Originally published on Ma’an News Agency.
BETHLEHEM (Ma’an) — In advance of Pope Francis’ visit to the Holy Land on Sunday, Bethlehem residents and officials have been busy covering the city in posters to celebrate his first official visit.
Large banners depicting His Holiness beside President Mahmoud Abbas cover major intersections, while more humble posters hang from shops and homes welcoming him on behalf of individual Bethlehem families.
In Bethlehem’s historic Manger Square, however, the Pope will be greeted by a dramatically different scene: huge renderings of classical European paintings of Biblical suffering, juxtaposed against contemporary photographs of Palestinian life.
The startling images are part of a project entitled “In the presence of the Holy See” by the Palestinian Museum to welcome the Pope in an altogether unique way by examining the Palestinian experience in relationship to one of the land’s most famous martyrs, Jesus Christ.
The banners include scenes of the lamentation of Christ beside a woman sifting through possessions after an Israeli attack on Jenin refugee camp and a man carrying away a body that is simultaneously a Palestinian killed by Israeli fire and the martyred Christ, among others.
Museum director John Persekian told Ma’an that the images are meant to help viewers, including the Pope, reframe the Palestinian issue and understand it through a more “humane” lens while also exploring the relevance of Christian teachings today.
“We were trying to take the Christian message and teachings and juxtapose them with the current situation, to help us think through what has happened over the last 66 years,” he said.
“How do we understand these experiences in relationship to messages of faith, peace, love, forgiveness, and the existence of a just God?” he added.
The banners are being hosted not only in Manger Square but also in nearby Duheisha refugee camp, home to nearly 15,000 Palestinians who fled or were expelled from their homes by Zionist militias in the 1948 war that led to the creation of the state of Israel.
In Jordan on Saturday, the pope met with Syrian refugee children, and on Sunday he plans to meet with children in Duheisha where he will see the banners.

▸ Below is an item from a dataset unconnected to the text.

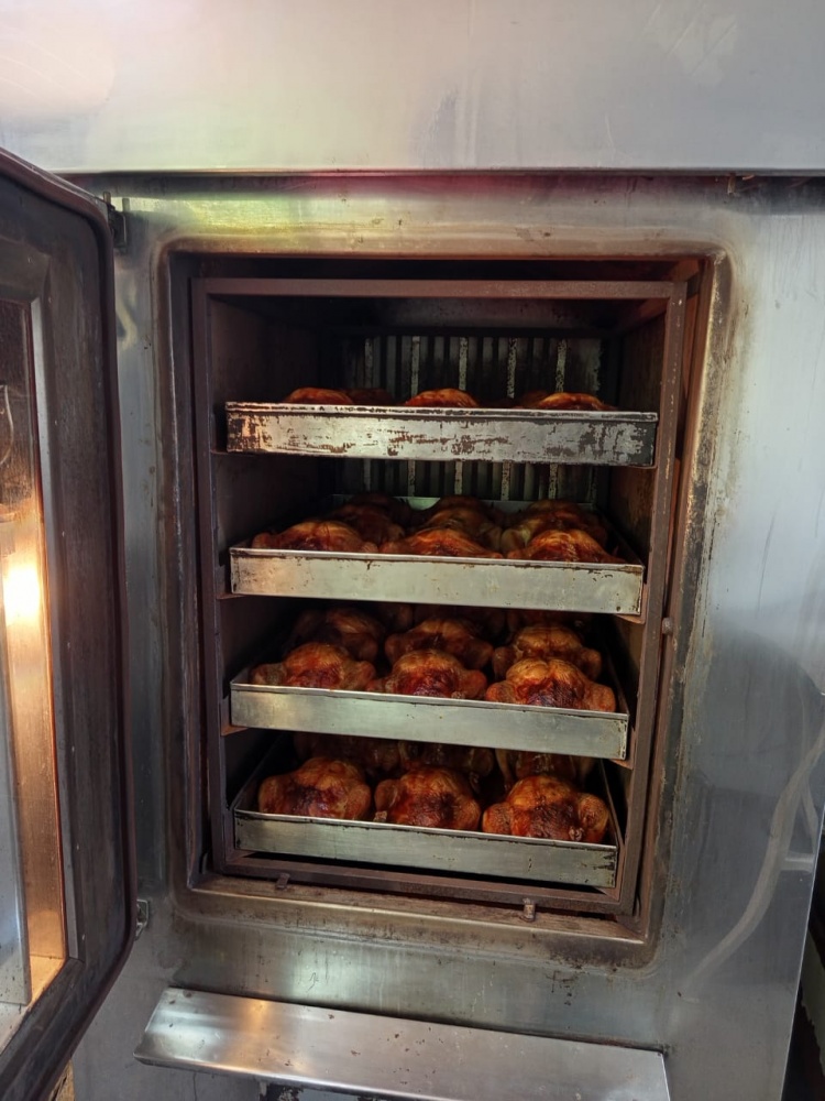 O almoço, servido ao meio-dia, contou com frangos recheados, churrascos de gado e suíno e acompanhamentos preparados pela comunidade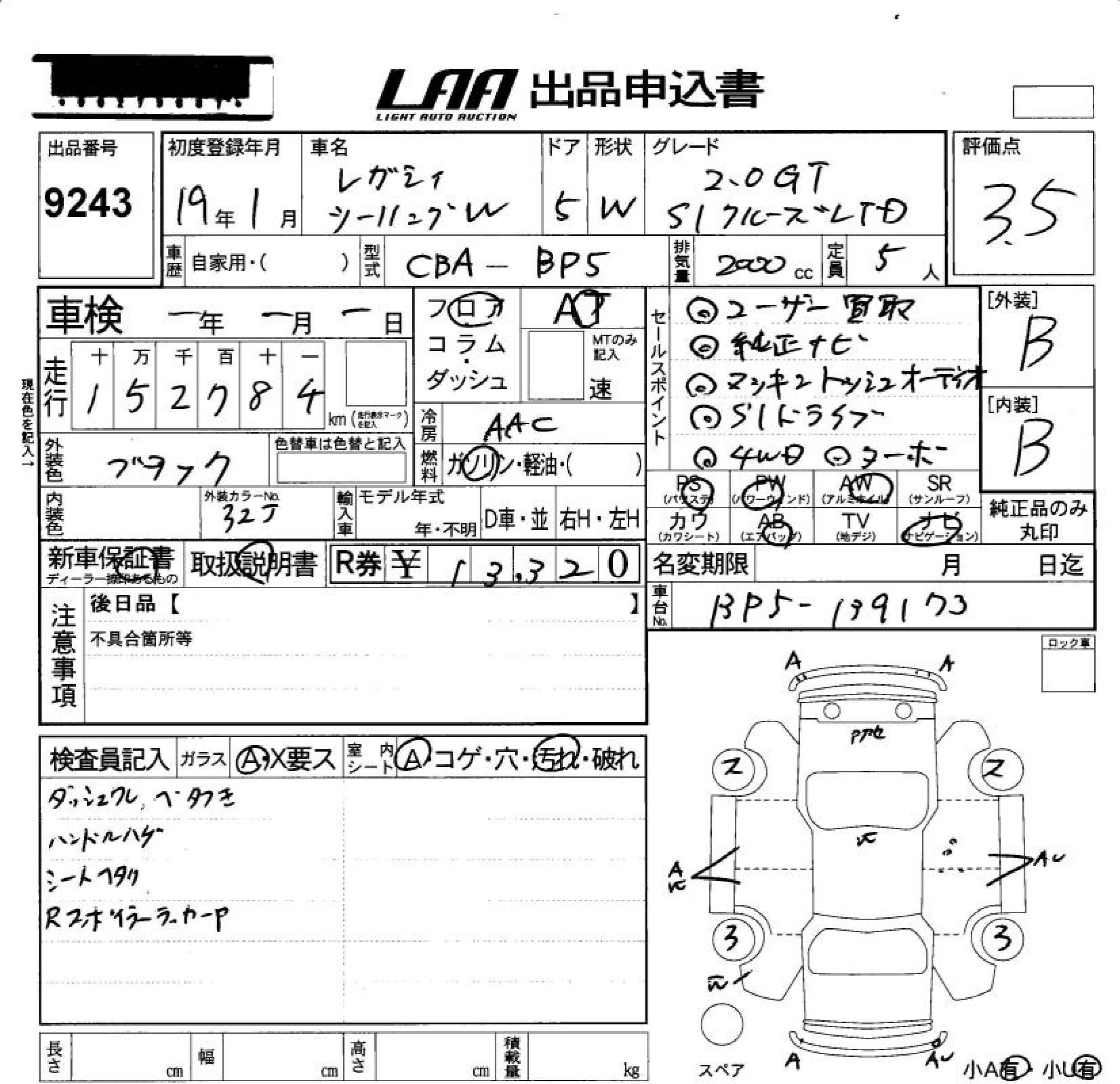 Все аукционы SUBARU LEGACY TOURING WAGON

As the Syrian conflict has driven a massive exodus from the country in recent years, the situation of Palestinian refugees — who have been denied the right of return to their homes by Israel for 66 years — looms large in the background.
“What does it mean to be humiliated for so long?” Persekian asks. “What does it tell us about faith of the dispossessed people?”
The juxtaposition of classical paintings beside black-and-white photographs creates a powerful parallel that highlights the universality of suffering even as it draws upon specific historical examples.
At the same time, Persekian says that the works hold a mirror up to the Western world and the disparate responses it has had to the suffering of the most famous Palestinian martyr Jesus and the suffering of his ancestors, the contemporary Palestinians.
“How has the world looked at and treated the Palestinians, especially the Western world where the majority is Christian? How have they applied these values?” he asked.
These questions will be at the forefront of many minds on Sunday, as the pope — who is the head of a church of more than 1 billion people worldwide — comes to visit the little town of Bethlehem.